La interrupción injustificada de las actuaciones administrativas que se acaba se indicar, aunque no sea de las señaladas en el art. 150.2 LGT (aquellas que se prolongan durante más de seis meses) cuya reanudación precisa su notificación al interesado, no excluye la procedencia de esa notificación cuando la interrupción lo ha sido por causa imputable a la Administración en período de tiempo inferior a seis meses, siendo así además que no existe otra forma de interesar y emplazar al inspeccionado en el procedimiento interrumpido que ha de proseguir su recorrido, sino mediante la notificación formalizada de que las actuaciones quedan reanudadas.
TERCERO.-Seguidamente, sostiene el escrito de demanda que ha existido un defecto de forma en la notificación del acuerdo de liquidación tributaria y que este alegato no ha quedado enjuiciado en la resolución del TEARA que se impugna.
Según la representación procesal de la parte actora, la Administración tributaria ha pretendido realizar un primer intento de notificación el día 9 de octubre de 2008 (folio 243 del expediente), aunque a través de él solo se hizo entrega de la carta de pago que no fue acompañada del acto de liquidación tributaria.
Sin embargo, consta en el expediente administrativo (folios 244 y 245 del expediente) que con anterioridad a la notificación de la carta de pago el 9 de octubre de 2008, los días 26 de agosto y 17 de septiembre de 2008, se intentó la notificación de la liquidación tributaria en el domicilio fiscal de la demandante, con resultado infructuoso. Estas notificaciones constan documentadas en diligencias dictadas por los agentes tributarios que cursaron las visitas correspondientes (incluso, en la primera de ellas se afirma que se contactó telefónicamente con la administradora de la entidad que dijo pasaría por la Dependencia de Inspección a retirarla el 15 de septiembre) dejando aviso en el buzón a fin de que pudiera ser recogida la liquidación administrativa en la Dependencia de Inspección de la Agencia Tributaria.

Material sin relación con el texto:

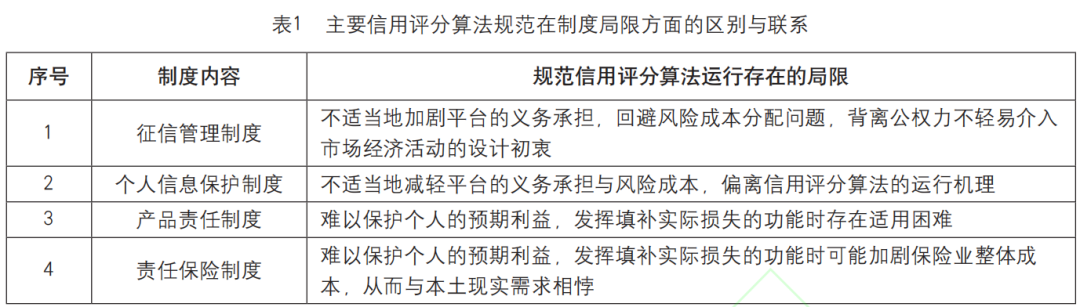 平臺生產(chǎn)的信用評分不僅為數(shù)字經(jīng)濟(jì)活動傳導(dǎo)風(fēng)險(xiǎn)信號,也是數(shù)字信用共治的有效工具。信用評分具有一定的公共物品屬性。信用評分算法治理既是公法上的命題,也是私法上的命題。其主要涉及征信管理制度、個(gè)人信息保護(hù)制度、產(chǎn)品責(zé)任制度與責(zé)任保險(xiǎn)制度等法律規(guī)范(參見表1)。其中,前兩類制度一般統(tǒng)稱為個(gè)人征信制度。四類制度規(guī)范在回應(yīng)信用評分算法運(yùn)行的特定技術(shù)風(fēng)險(xiǎn)時(shí),不同程度地存在主體利益保護(hù)不周延、技術(shù)風(fēng)險(xiǎn)分配不均衡問題。
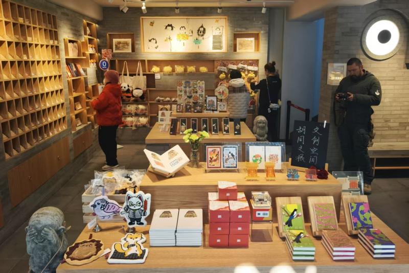 让人垂涎欲滴的鲜红石榴汁端上仿古石桌,搭配手工糕点喝杯香气四溢的咖啡,屋内是阳光洒进来的惬意温馨,落地窗外是见证胡同变迁的古树……走进砖塔胡同33号——北京胡同之根文化体验馆,“胡同之根”茶饮空间营造出雅致的文化消费体验,相邻的“胡同之根主题邮局”,以胡同四合院、门楼、砖雕、窗格等经典建筑符号为灵感的系列文创产品,如“砖宝和他的朋友们”系列毛绒玩具、胡同之根3D立体纸雕本、北京四合院3D立体便签、福禄寿喜财冰箱贴、好运莲莲冰箱贴等,让游客把“北京胡同记忆”带回家。
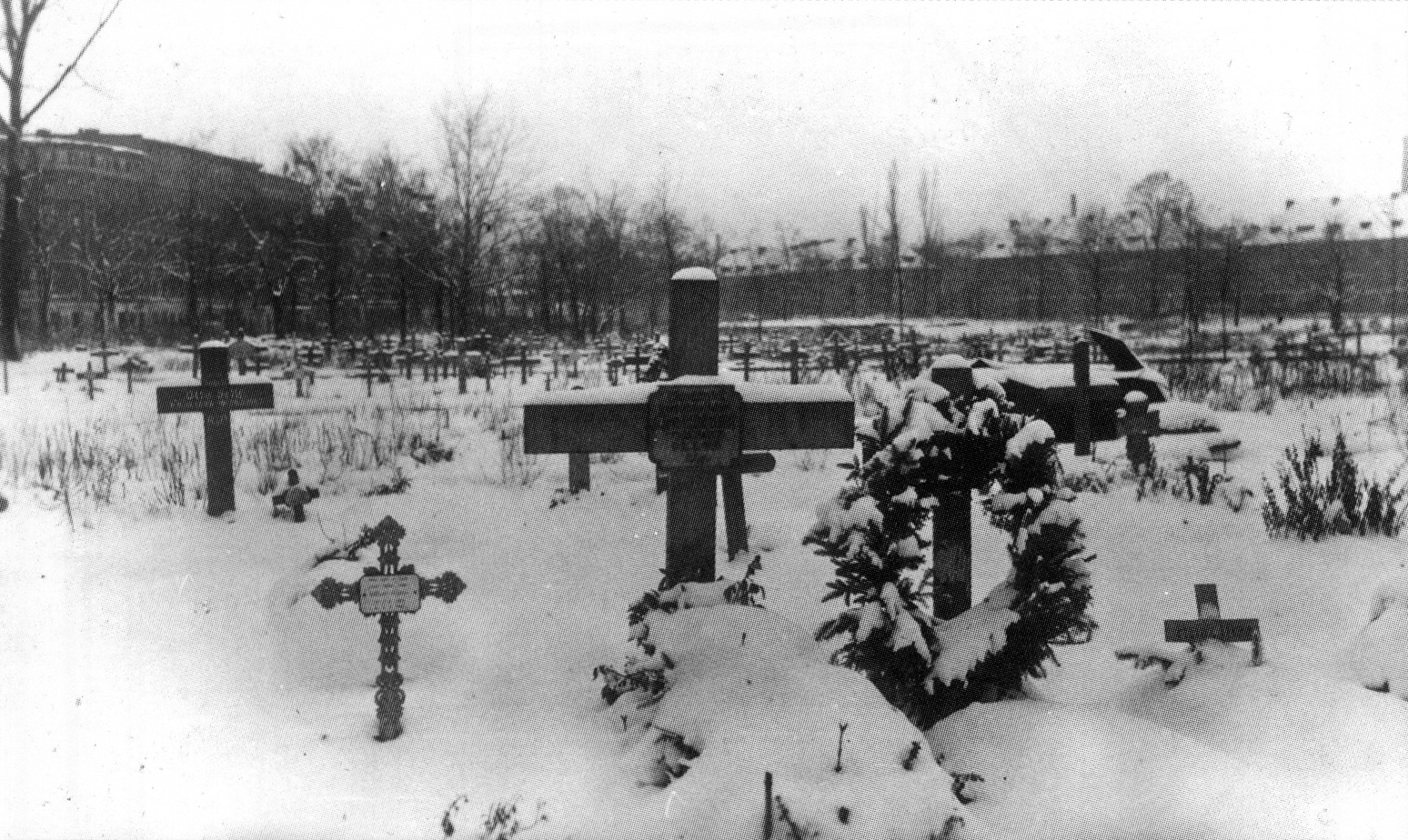 1947 , Cmentarz urządzony na placu Staszica w okresie oblężenia miasta w roku 1945Skomentuj zdjęcie

Dada la imposibilidad de notificar el acto administrativo, conforme se establece en el art. 112 LGT , se remitió el anuncio correspondiente al Boletín Oficial del Estado de 8 de octubre de 2008 (Suplemento BOE nº 243, p. 77) para su notificación por comparecencia. Al siguiente día, se persona en la Delegación de Granada la representante de la mercantil demandante para acusar recibo de la notificación el 9 de octubre de 2008. El primero de los acuses de recibo de 28 de agosto de 2008, ha de ser tenido como el primer intento de notificación con la eficacia que le procura el ordenamiento jurídico de conformidad con lo establecido en el art. 104.2 LGT como acto resolutorio del procedimiento instruido y del desarrollo expositivo de los hechos no se desprende ningún defecto formal en la actuación administrativa tendente a la notificación de la liquidación tributaria susceptible de haber causado indefensión a la demandante.
CUARTO.-En cuanto al fondo del asunto considera la demanda que la liquidación tributaria ha de quedar anulada por haberse acreditado convenientemente que las cuotas repercutidas por servicios prestados por la mercantil 'Reformas y Proyectos Nuevo Siglo, S. L.' constan en facturas debidamente formalizadas y contabilizadas.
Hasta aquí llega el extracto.